I've re-run the whole framework once, and the test accuracy is 0.509.

Also, if you have more GPU memory, you can increase the sample_width to get higher results.

For the HGT model with TransE embedding input, if you follow a similar setting, it's welcome to submit the results.

Please let me know if you have any further questions.

lingfanyu commented 3 years ago

The batch_size in the eval_ogbn_mag should also be set as 128 (the same in train, or modify the train as 256).

I actually noticed this batch_size difference and thought about this possibility before. So I tried it, but the accuracy did not improve at my side.

Could you please share the detailed commands that you used to re-run the whole framework (including preprocessing dataset, training, and evaluation)? I will verify it again at my side.

Thanks a ton!

lingfanyu commented 3 years ago

@acbull If you want to look at training and testing logs, they are here: https://drive.google.com/drive/folders/1K013flATT04EbchTEwbjx7Q_QmHQHDw0?usp=sharing

Files ending with _stdout.txt are training logs and files ending with _eval.txt are evaluation logs. bz in file name indicates batch size which can also be found at the beginning of each log file as your code prints out configurations.

Let me know what detailed commands you used and I will see if I can reproduce your results.

acbull commented 3 years ago

The command you execute is the same as me.

I tried to run it multiple times, the result is indeed not that stable and the average accuracy this time is lower than my reported one (that time I just run three times).

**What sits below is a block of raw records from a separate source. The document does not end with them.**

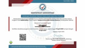 USD – Kamis, 17 April 2025, Program Studi Matematika Fakultas Sains dan Teknologi (FST) Universitas Sanata Dharma (USD) resmi meraih peringkat Akreditasi Unggul dari Lembaga Akreditasi Mandiri Sains Alam dan Ilmu Formal (LAMSAMA). Keputusan ini ditetapkan berdasarkan SK LAMSAMA Nomor 064/SK/LAMSAMA/Akred/S/IV/2025 yang ditandatangani oleh Direktur Dewan Eksekutif, Prof. Dr.-Ing. Drs. Ir. Mitra Djamal, IPU, ASEAN Eng. pada tanggal 11 April 2025 di Depok.
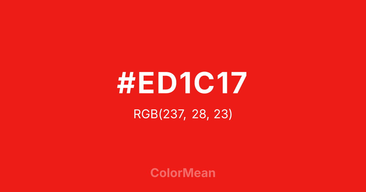 #ED1C17 RGB value is (237, 28, 23). The hex color red value is 237, green is 28, and blue is 23. Its HSL format shows a hue of 1°, saturation of 86 percent, and lightness of 51 percent. The CMYK process values are 0 percent, 88 percent, 90 percent, 7 percent.
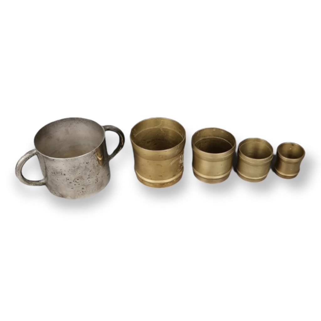 Email € 0 Quatro medidas em bronze torneado. Junta-se recipiente em metal com duas asas. Sinais de uso.Alt (maior): 7 cm. € 10 € 0 Solicitar informação adicional Voltar a: Leilão 287 - Antiguidades Quatro medidas em bronze torneado. Junta-se recipiente em metal com duas asas. Sinais de uso.Alt (maior): 7 cm. € 10 € 0

To make the training and testing more stable, we can increase the sample_width. Can you try the following commands?

python3 train_ogbn_mag.py --n_hid 512 --n_layer 4 --n_heads 8 \
                --data_dir ./OGB_MAG.pk --model_dir $dir_name \
                --prev_norm --last_norm --use_RTE --conv_name hgt --sample_width 600 --sample_depth 6

python3 eval_ogbn_mag.py --n_hid 512 --n_layer 4 --n_heads 8 \
                --data_dir ./OGB_MAG.pk --model_dir $dir_name \
                --prev_norm --last_norm --use_RTE --conv_name hgt --sample_width 600 --sample_depth 6
lingfanyu commented 3 years ago

It seems that my GPU memory is too small (15GB) and as a result, the training fails. How much GPU memory is needed to run with --sample_width 600 --sample_depth 6? What's the GPU you use?

lingfanyu commented 3 years ago

I notice that on OGB leaderboard, you said the experiment was done with Tesla K80 (12GB GPU). But my GPU has 15GB and your code runs out of memory on it when I increase sampled_width from 520 to 600 following your suggestion.

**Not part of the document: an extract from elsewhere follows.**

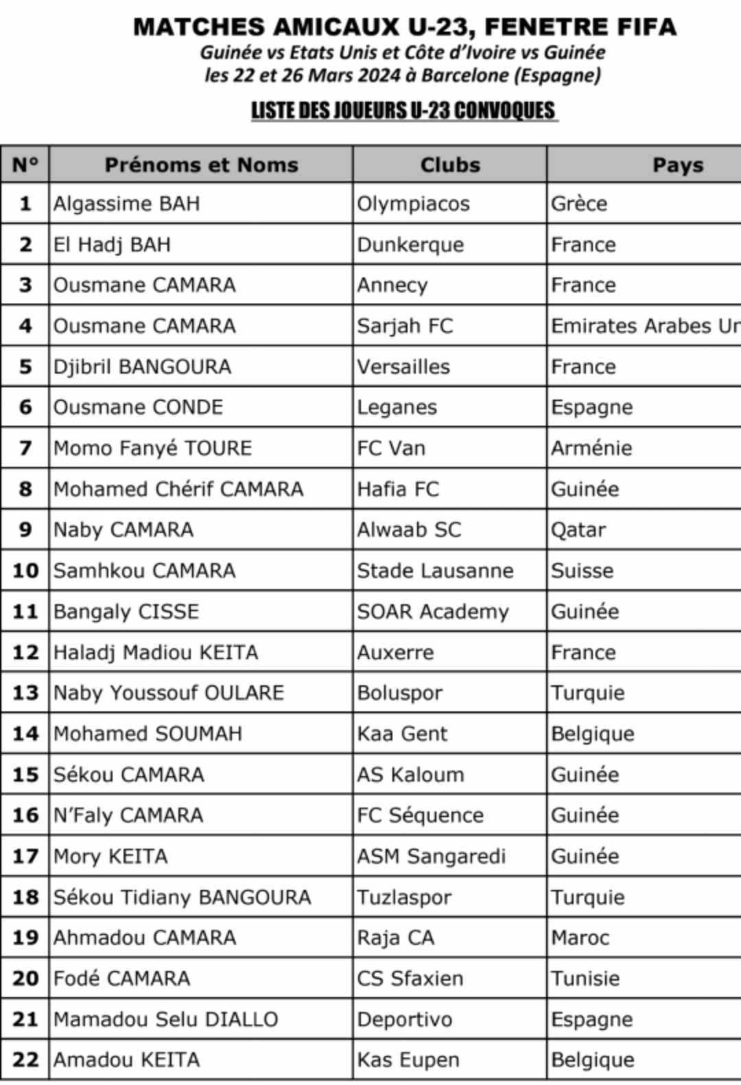 CONAKRY- La sélection Guinéenne des moins de 23 ans négociera deux matches amicaux contre les États-Unis d’Amérique le 22 mars et la Côte d’Ivoire le 26 mars à Barcelone en Espagne.

Is there anything I can do to reduce GPU memory usage?

tsy19025 commented 3 years ago

Hi, I have the same problem. If I follow your advice and run the following commands for 10 times, the numbers of testing accuracy on VR task are: 0.491 0.485 0.486 0.482 0.488 0.487 0.486 0.487 0.488 0.485

python3 train_ogbn_mag.py --n_hid 512 --n_layer 4 --n_heads 8 --n_epoch 200\
        --data_dir ./OGB_MAG.pk --model_dir $dir_name \
        --prev_norm --last_norm --use_RTE --conv_name hgt --sample_width 600 --sample_depth 6
python3 eval_ogbn_mag.py --n_hid 512 --n_layer 4 --n_heads 8\
            --data_dir ./OGB_MAG.pk --model_dir $dir_name \
        --prev_norm --last_norm --use_RTE --conv_name hgt --sample_width 600 --sample_depth 6

And the training log of the best is here: https://drive.google.com/file/d/10lUs1AXJOKTlvQVZHJHBedwQSlN3lF0d/view?usp=sharing

Is there anything I can do to reproduce your result? Thanks.

acbull commented 3 years ago

Hi all:

Sorry for the trouble.

After you point this out, I run the following code from my side (with the script I mention in the issue) ten times, and the average result is 0.4927 (mean) 0.0061 (std).

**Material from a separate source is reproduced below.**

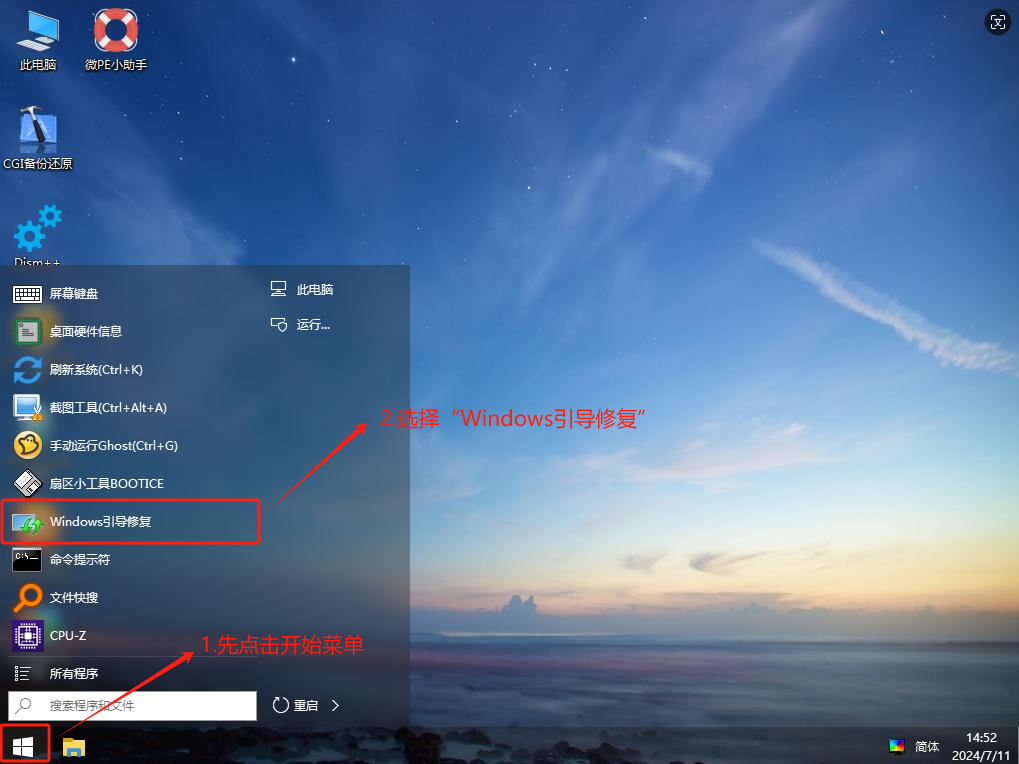9.重裝系統(tǒng)后會重啟,再次進入PE系統(tǒng)選擇“Windows引導(dǎo)修復(fù)”
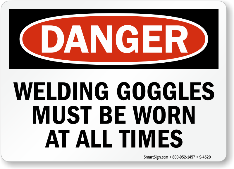 OSHA Danger Sign: Welding Goggles Must Be Worn At All Times S-4520

python3 train_ogbn_mag.py --n_hid 512 --n_layer 4 --n_heads 8 \
                --data_dir ./OGB_MAG.pk --model_dir $dir_name \
                --prev_norm --last_norm --use_RTE --conv_name hgt --sample_width 520 --sample_depth 6

python3 eval_ogbn_mag.py --n_hid 512 --n_layer 4 --n_heads 8 \
                --data_dir ./OGB_MAG.pk --model_dir $dir_name \
                --prev_norm --last_norm --use_RTE --conv_name hgt --sample_width 520 --sample_depth 6

I changed the eval script so the performance should be more stable.

I've submitted the corrected result to the OGB leaderboard. Please tell me if you still have any problems to reproduce it.